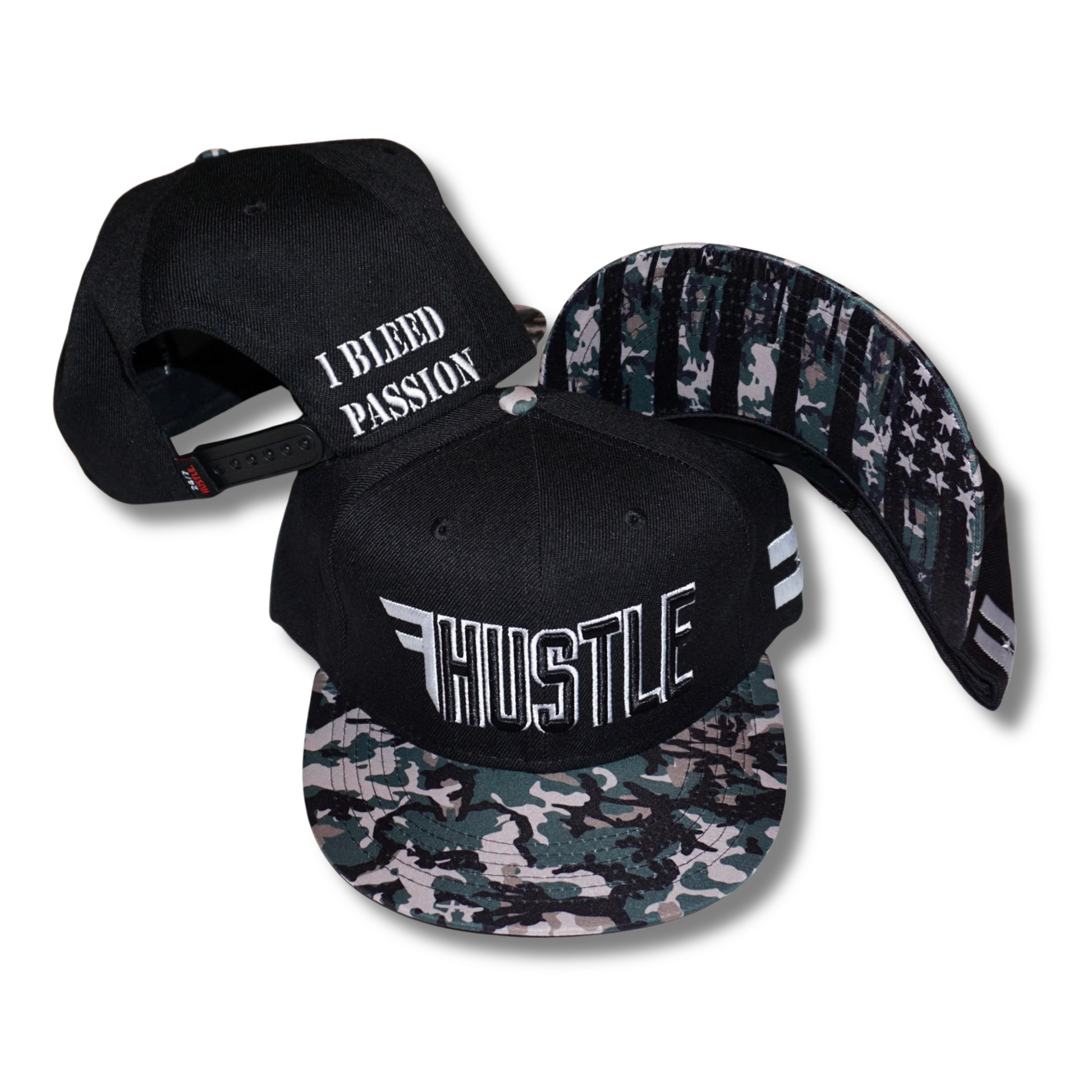 Woven label near the strap that reads "24/7 HUSTLE" and "365" on the inner part of the tag
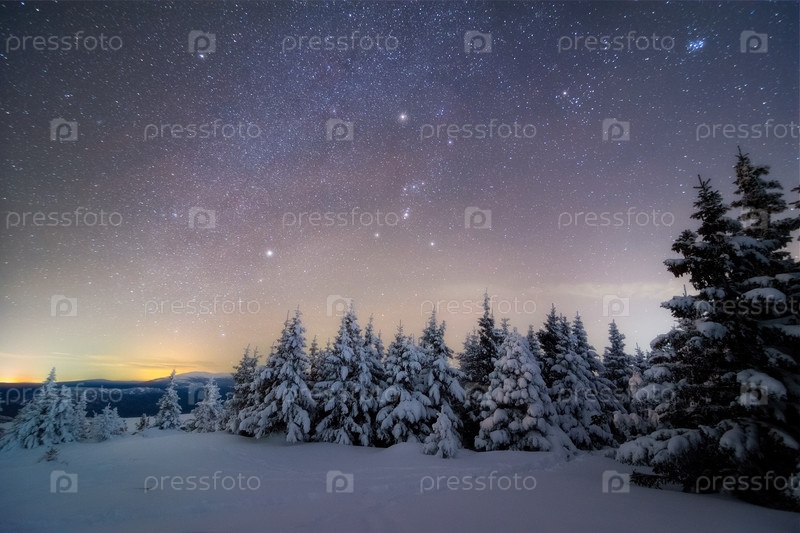 Красивый ночной зимний пейзаж. Млечный путь и созвездие Ориона в небе над покрытыми снегом деревьями на вершине горы
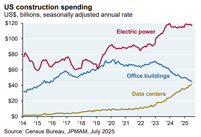 According to GPT-5 Pro, electrical power capacity construction is only a small fraction of data center construction costs, so the jump in electrical spending here could in theory be more than enough to handle the data centers. The issue is whether we will be permitted to actually build the power.
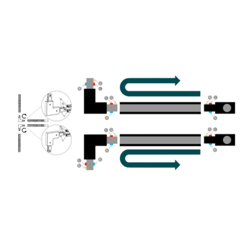 - Relie deux sections de rail à un angle de 90 degrés pour une configuration en L
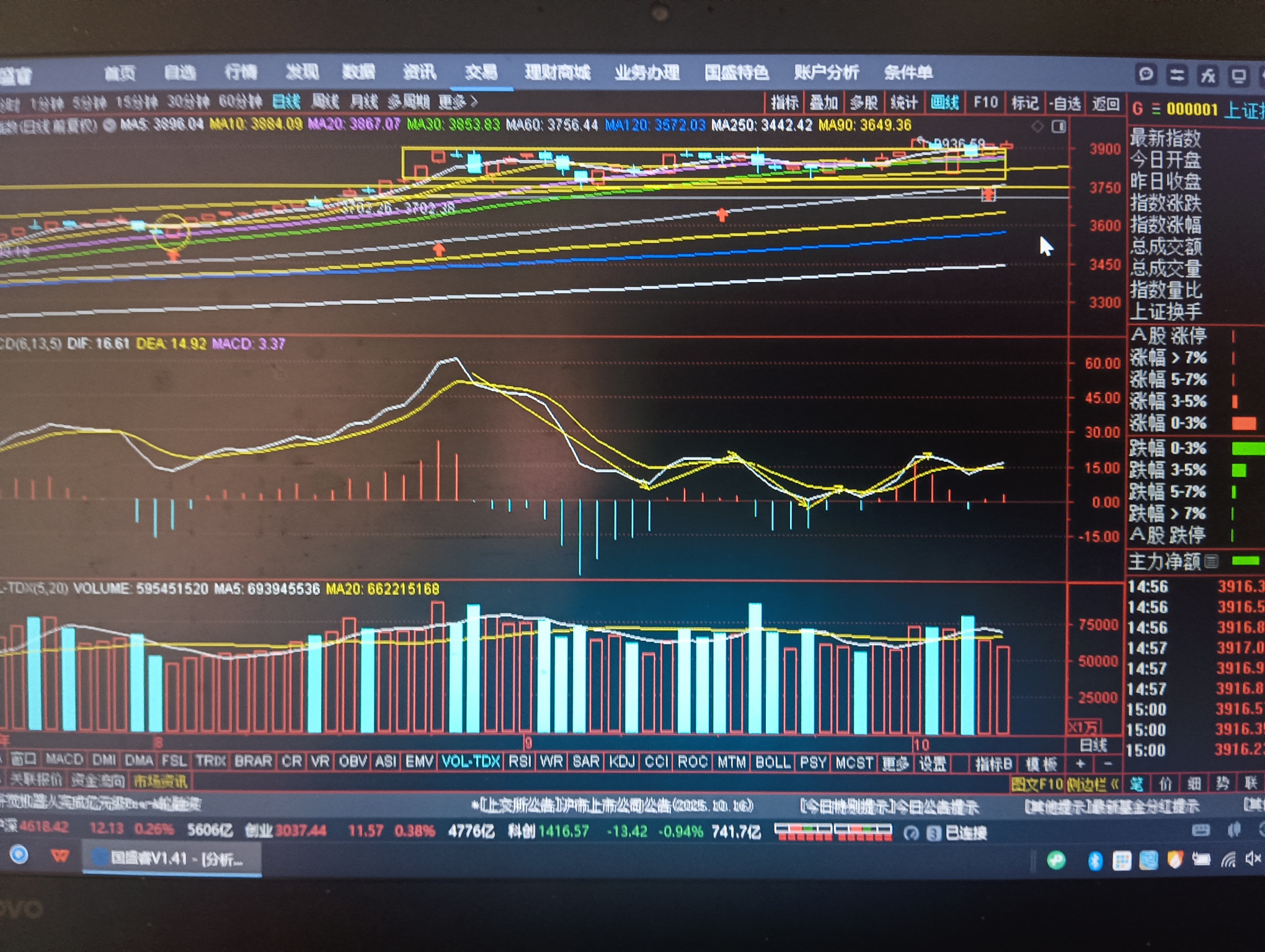 三哥又说:上图是上证日级别的区域振荡图示、在此区域里运行了33天、这数很敏感、它
=-=-=
= ACTIVITY =
Once the pictures are set aside, repeat the data above exactly.

= ANSWER =
 Woven label near the strap that reads "24/7 HUSTLE" and "365" on the inner part of the tag
 Красивый ночной зимний пейзаж. Млечный путь и созвездие Ориона в небе над покрытыми снегом деревьями на вершине горы
 According to GPT-5 Pro, electrical power capacity construction is only a small fraction of data center construction costs, so the jump in electrical spending here could in theory be more than enough to handle the data centers. The issue is whether we will be permitted to actually build the power.
 - Relie deux sections de rail à un angle de 90 degrés pour une configuration en L
 三哥又说:上图是上证日级别的区域振荡图示、在此区域里运行了33天、这数很敏感、它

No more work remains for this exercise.